# Assigned task
Starting with the line below that holds "惠同新材攜各種材質(zhì)" and stopping after the line that holds "- 블랙컨슈머: 처음부터", transcribe the lines exactly, leaving out all pictures.

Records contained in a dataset

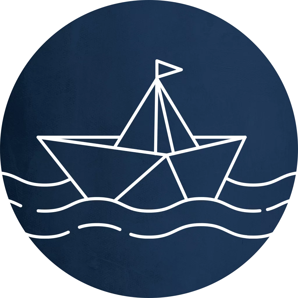 Een donkerblauwe sluitzegel met papieren bootje. Pas dit ontwerp eventueel aan in onze editor en versier je geboortekaart envelopjes of bedankjes met deze leuke sticker.
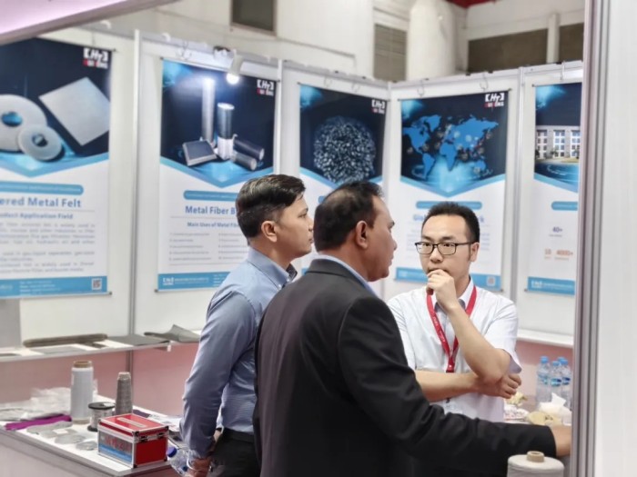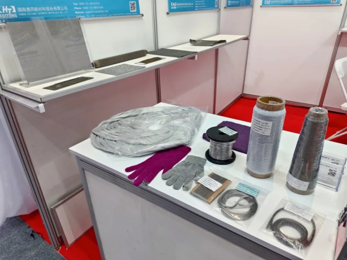 惠同新材攜各種材質(zhì)金屬纖維及其制品,包括不銹鋼纖維、銅纖維、鎳?yán)w維等,及純金屬纖維織物、金屬纖維混紡紗線、金屬纖維過濾氈等金屬纖維制品,首次展示于雅加達(dá)國際展覽中心,深深地吸引了當(dāng)?shù)乜蜕痰淖⒁狻?br />
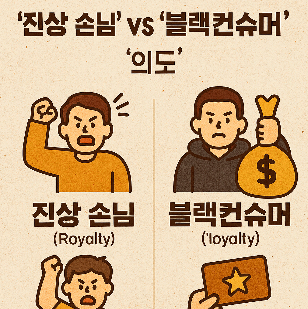 - 블랙컨슈머: 처음부터 '돈'이나 '보상'을 목적으로 의도적으로 접근하며, 협박과 거짓말을 도구로 사용합니다. (악의적인 범죄에 가까움)
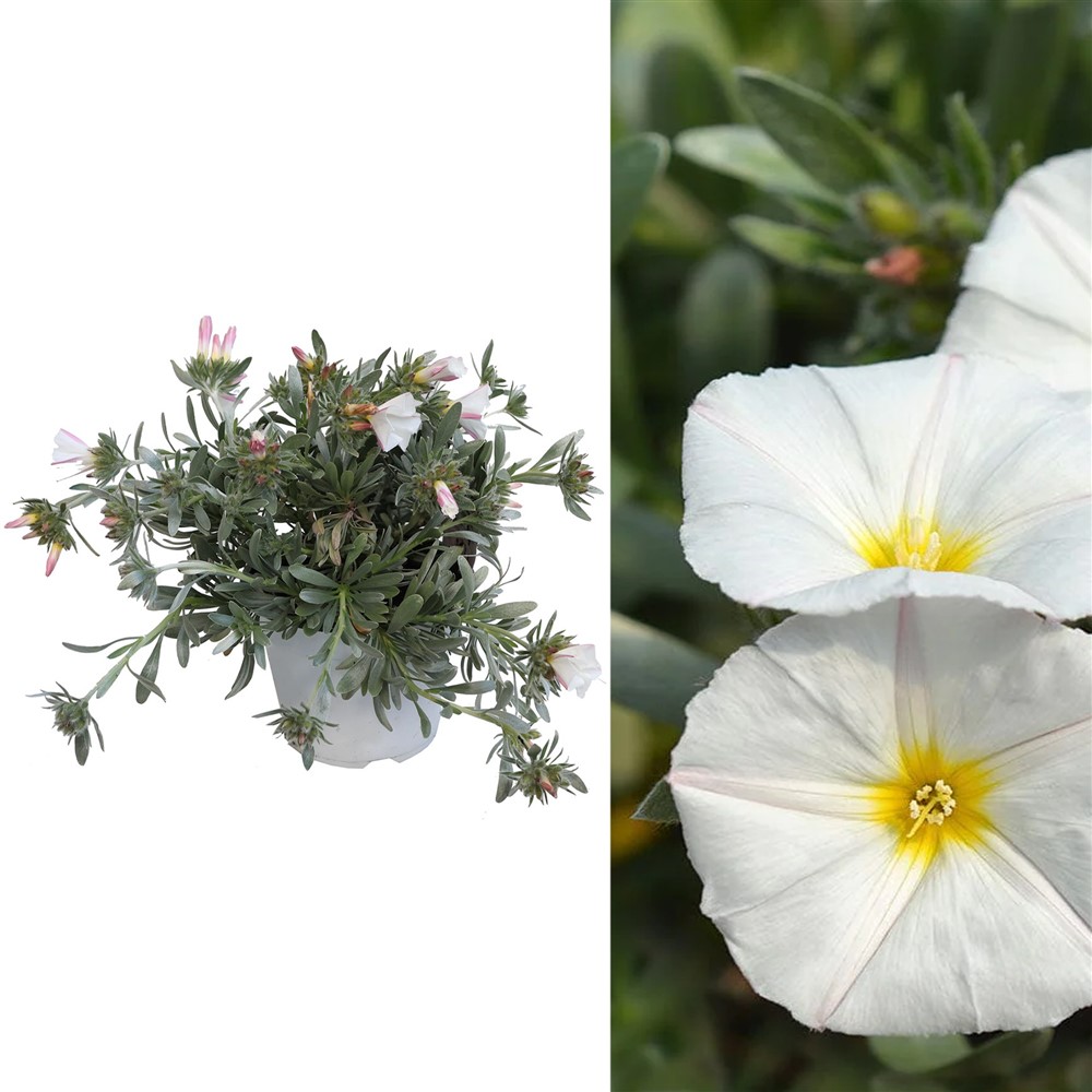 Growing bush convolvulus plants is easy. This low maintenance plant requires very little care yet, it will reward you with lovely year-round foliage and copious blossoms spring through fall. Silvery foliaged shrub that comes from the Mediterranean region of Europe. It has a neat, dense round shape .This evergreen plant is also quite hardy, but it can be damaged by temperatures below -9 C. Its funnel-shaped, flowers are white with a pink tint. Bees and other nectar loving critters are drawn to these flowers. Plant is drought tolerant, although it does need some additional water in the desert. It requires very good drainage and lean soil, as it is susceptible to root rot and other fungal diseases. Plant it in full sun.
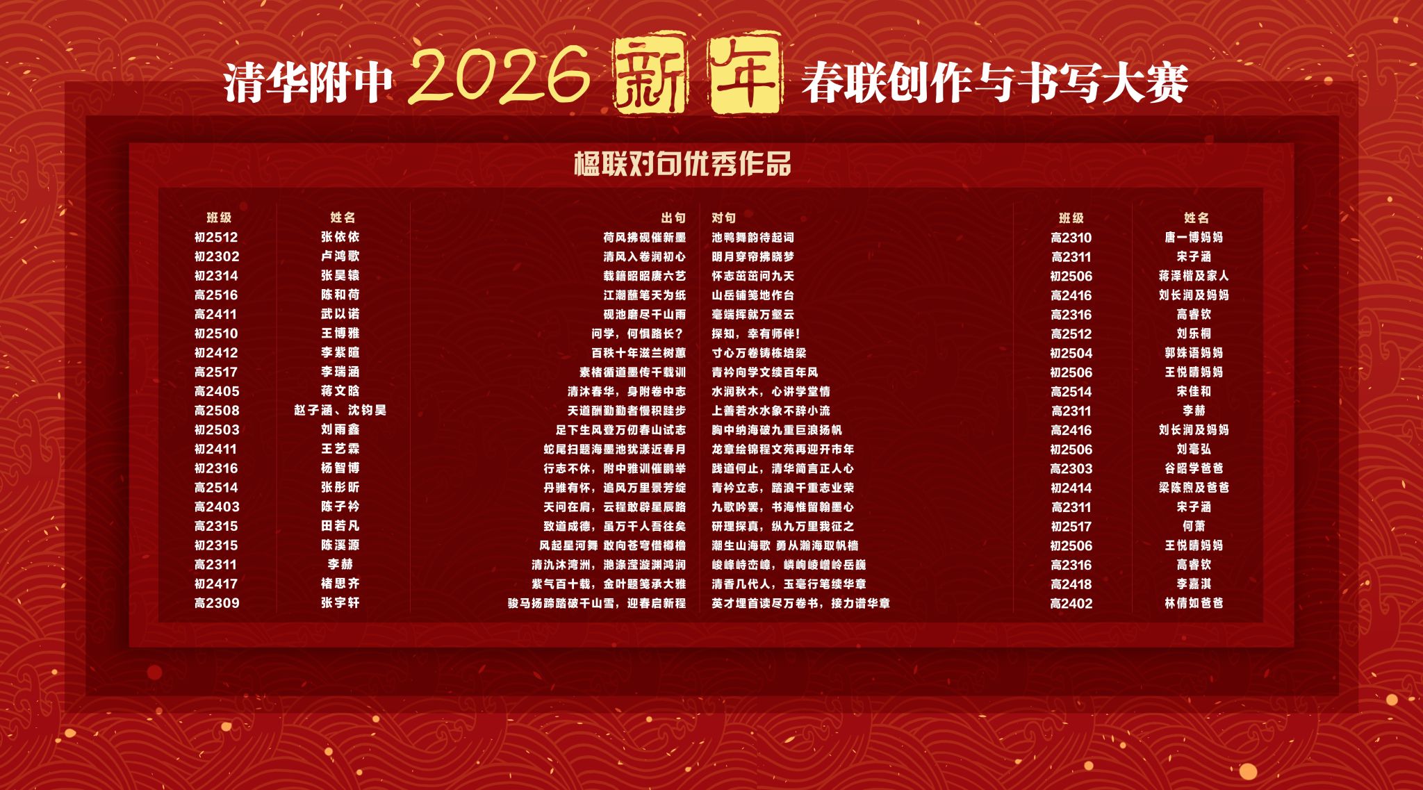 楹联对句环节通过微信平台公开征集,学生、家长、老师们积极响应,佳联妙对层出不穷。学生发展中心评选出最佳出句20句、最佳对句20句,这些作品尽显中华语言文字的博大精深,搭建起家校社协同传承传统文化的良好桥梁。

# Answer box
 惠同新材攜各種材質(zhì)金屬纖維及其制品,包括不銹鋼纖維、銅纖維、鎳?yán)w維等,及純金屬纖維織物、金屬纖維混紡紗線、金屬纖維過濾氈等金屬纖維制品,首次展示于雅加達(dá)國際展覽中心,深深地吸引了當(dāng)?shù)乜蜕痰淖⒁狻?br />
 - 블랙컨슈머: 처음부터 '돈'이나 '보상'을 목적으로 의도적으로 접근하며, 협박과 거짓말을 도구로 사용합니다. (악의적인 범죄에 가까움)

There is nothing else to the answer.